Sequence Feature Variant Types¶
Overview¶
The Sequence Feature Variant Types Tab provides a comprehensive understanding of a pathogen is essential for analyzing genotype-phenotype associations. Understanding how changes in a pathogen’s genomic sequence may be reflected in its functional characteristics is crucial for understanding pathogenesis. Traditionally, the relationship between genotype and phenotype is assessed by phylogenetic analysis of whole genome sequences or statistical tests of association between single residue variations and specific phenotypic characteristics. However, these approaches have limitations, such as not providing direct information about the specific region contributing to the phenotypic effect. The Sequence Feature Variant Types (SFVT) approach addresses these limitations. SFVT defines distinct sequence features (SFs) of constellations of amino acid positions based on functional and structural characteristics. SFVTs capture the extent of sequence variations observed within these combinations and are used for statistically analyzing genotype-phenotype associations.
Sequence Feature Description¶
A Sequence Feature (SF) is a specific region of a protein with some characteristic of interest, such as:
Structural properties (e.g., alpha helix, beta sheet)
Functional properties (e.g., nuclear localization signal, enzyme active sites)
Positions where sequence alterations have functional effects (e.g., changes in virulence)
Immune epitopes
SFs can be continuous or discontinuous stretches of amino acids and can overlap. They are annotated with additional information, including a descriptive name, the protein in which it occurs, start and end positions, total length, category (structural, functional, sequence alteration, or immune epitope), virus strain, known associated phenotypes, evidence codes, and the publication or resource where it was described.
Workflow for Defining a Sequence Feature¶
Identify reference sequence
Develop coordinate system
Map positions
Obtain metadata including:
Virus Information (type, subtype, strain, segment-protein)
SF Information (name, strain-specific position, sequence in the source strain, category, comments)

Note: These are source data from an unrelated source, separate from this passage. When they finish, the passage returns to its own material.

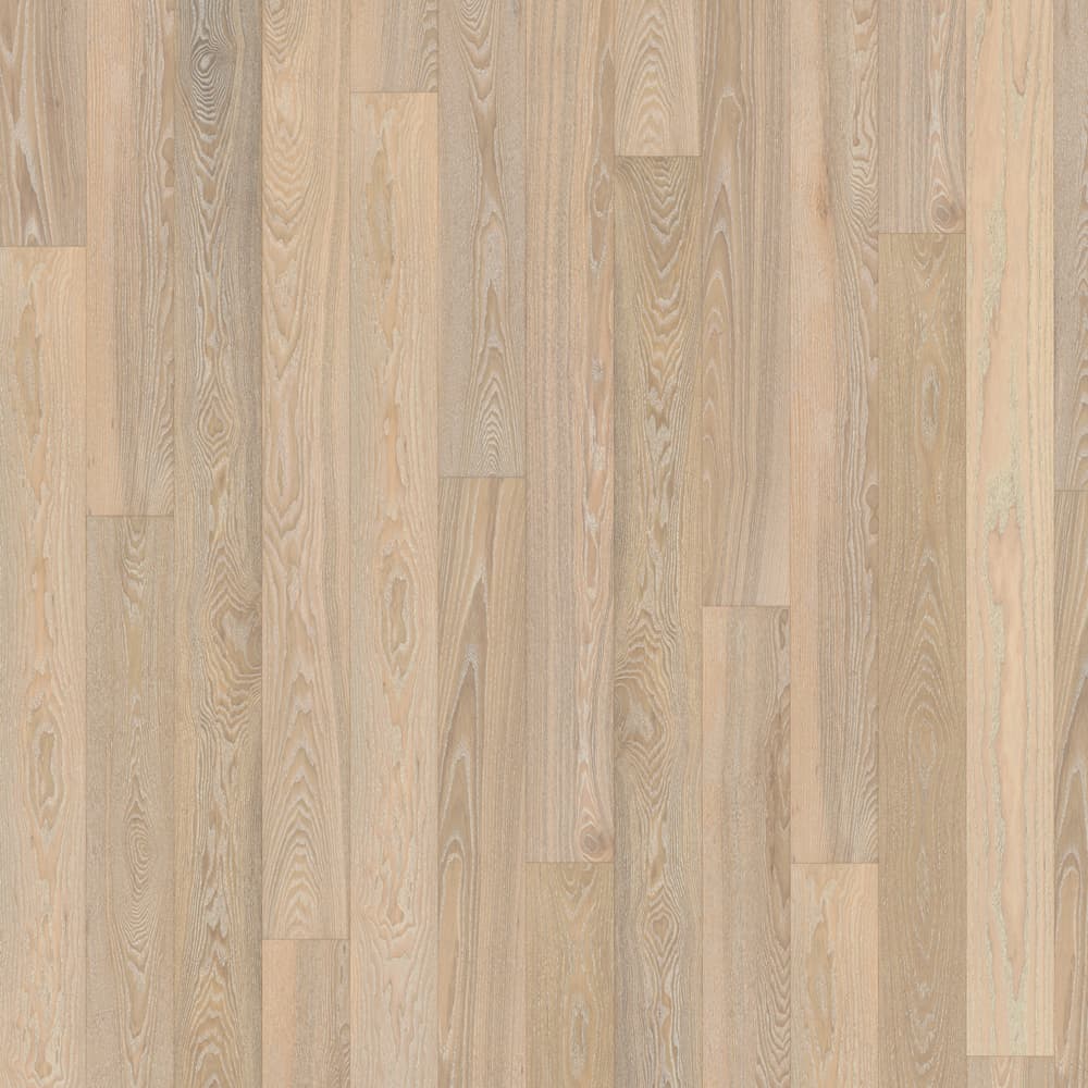 Трехполосная паркетная доска Karelia Polar Ясень Country Vanilla Matt имеет выбеленный оттенок. Благодаря маленьким плашкам, рисунок пола выглядит достаточно разнообразно и насыщенно, но при этом является совершенно неконтрастным.
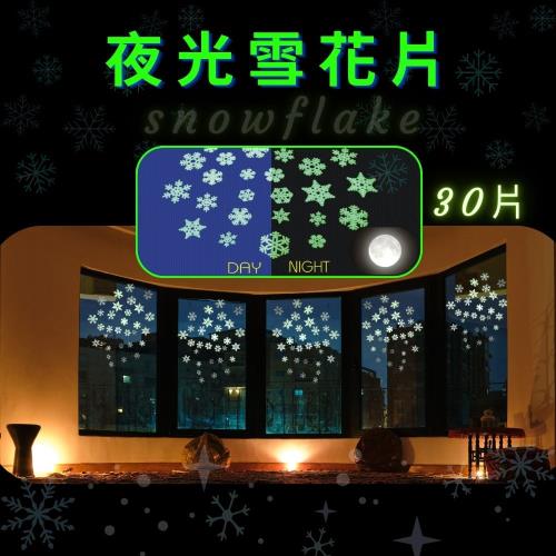 GS金德恩-台灣製造 買一送一 一組30入 夜光小雪花片 裝飾牆貼 車貼 下雪 窗貼 壁貼 玻璃貼 造型貼 車窗貼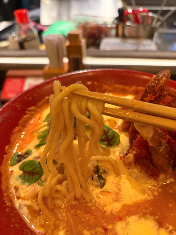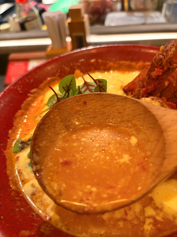 There are two proteins here, chicken chashu and soft shell crab. The chicken slice is firm and springy while remaining tender enough to chew comfortably. Its natural sweetness and umami manage to cut through the spice, offering moments of relief and a mildly addictive savoury note. The soft shell crab arrives crispy in theory but is already half soggy by the time it reaches the bowl. Portions not submerged in soup retain some crunch, suggesting it would have benefited from being served separately. The vibrant red batter is visually striking but largely superficial. Flavour-wise, the crab tastes like crab, though its delicacy is largely overwhelmed by the spice. It looks impressive but does little to elevate the eating experience.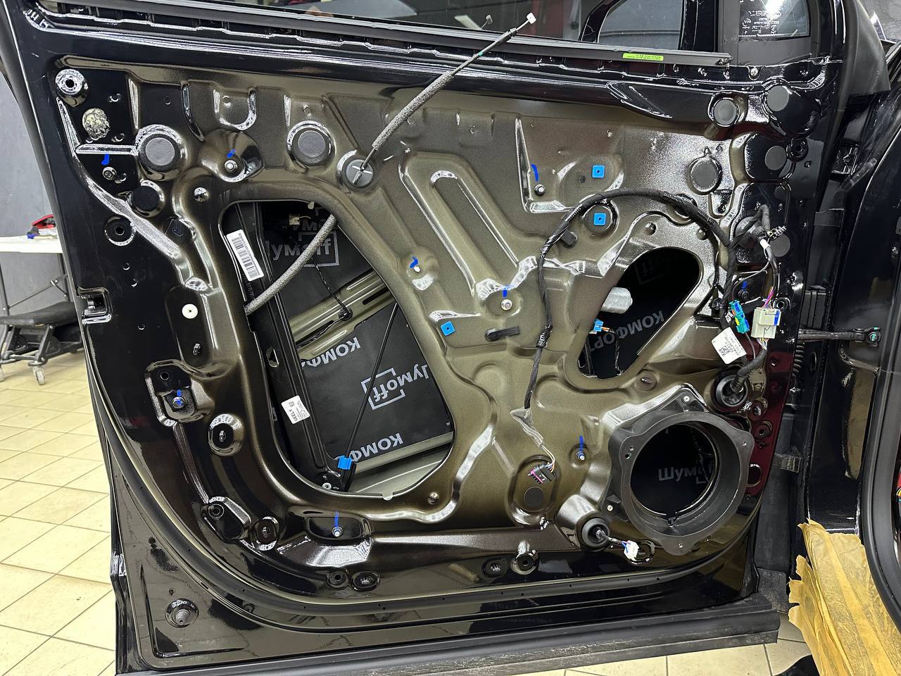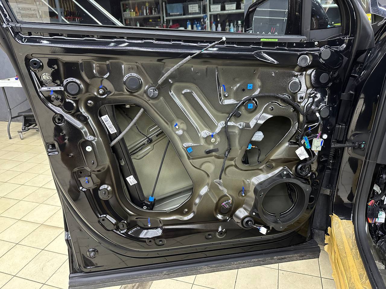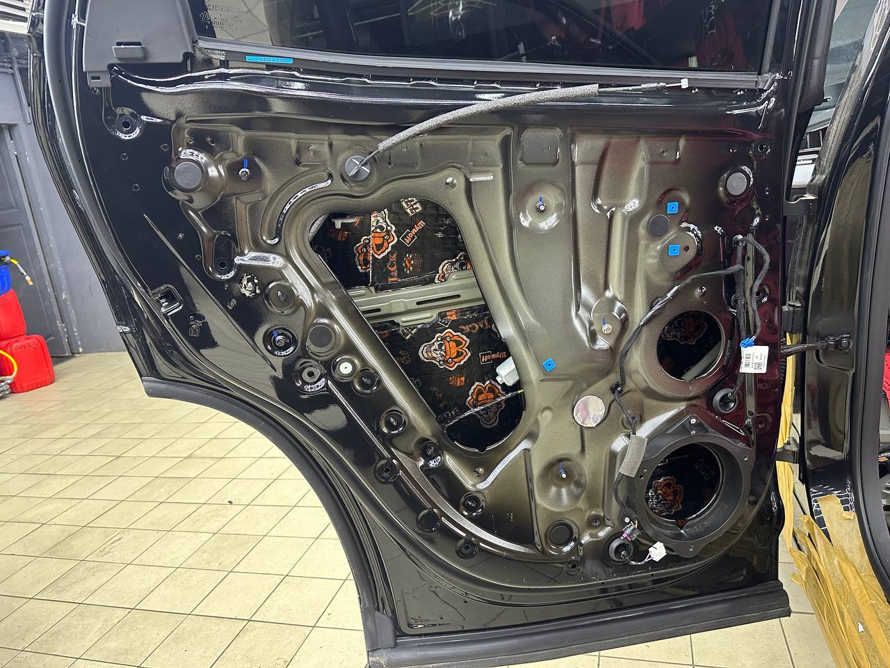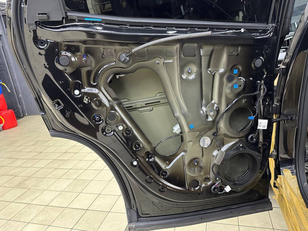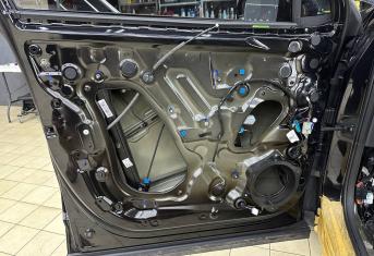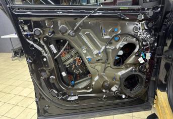 Начинаем работу с разборки дверей, подготовки поверхности и обезжириванию. Все работы по демонтажу пластика выполняются специальным инструментом. Мы гарантируем целостность клипс, креплений и отсутствие различного рода царапин, задиров на обшивках.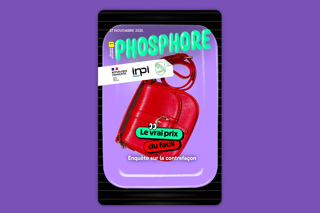À l’occasion du Black Friday 2025, l’INPI, le Centre d’études internationales de la propriété intellectuelle (CEIPI) et Bayard Presse publient un numéro spécial de l’e-magazine Phosphore, intitulé « Le vrai prix du faux – Enquête sur la contrefaçon ». Destiné aux adolescents, ce support pédagogique vise à renforcer leur compréhension des enjeux liés à la contrefaçon et à les sensibiliser aux risques associés.

Reference (public domain databases like PubMed, UniProt, PDB)
See also¶
Accessing the SFVT Table¶
Clicking the Sequence Feature Variant Types (SFVT) Tab in a Taxon View displays the SFVT Table (shown below), listing all the SFVT data corresponding to the set of genomes in the selected taxon level.
Sequence Feature Variant Types (SFVT) Table Tools¶
Within this table you may do the following:
Download the entire contents of the table in text, CSV, or Excel format by clicking the Download button above the table on the left side.
Rearrange and narrow the list of sequences in the table via sorting (using column headers), keywords (using the Keyword box), and filtering (using the Filters tool).
Filter Tool¶
As with all tables, the Filters tool is available to narrow the display of the items in the table, shown below:
Clicking on the Filters button at the top right of the table opens the Filter Panel above the table, displaying column names from the table and values for those columns with counts of occurrence. Clicking on the filter values narrows the list displayed in the table to those matching the chosen filter values. Clicking the Hide button closes the Filter Panel. More details are available in the Filter Tool Quick Reference Guide.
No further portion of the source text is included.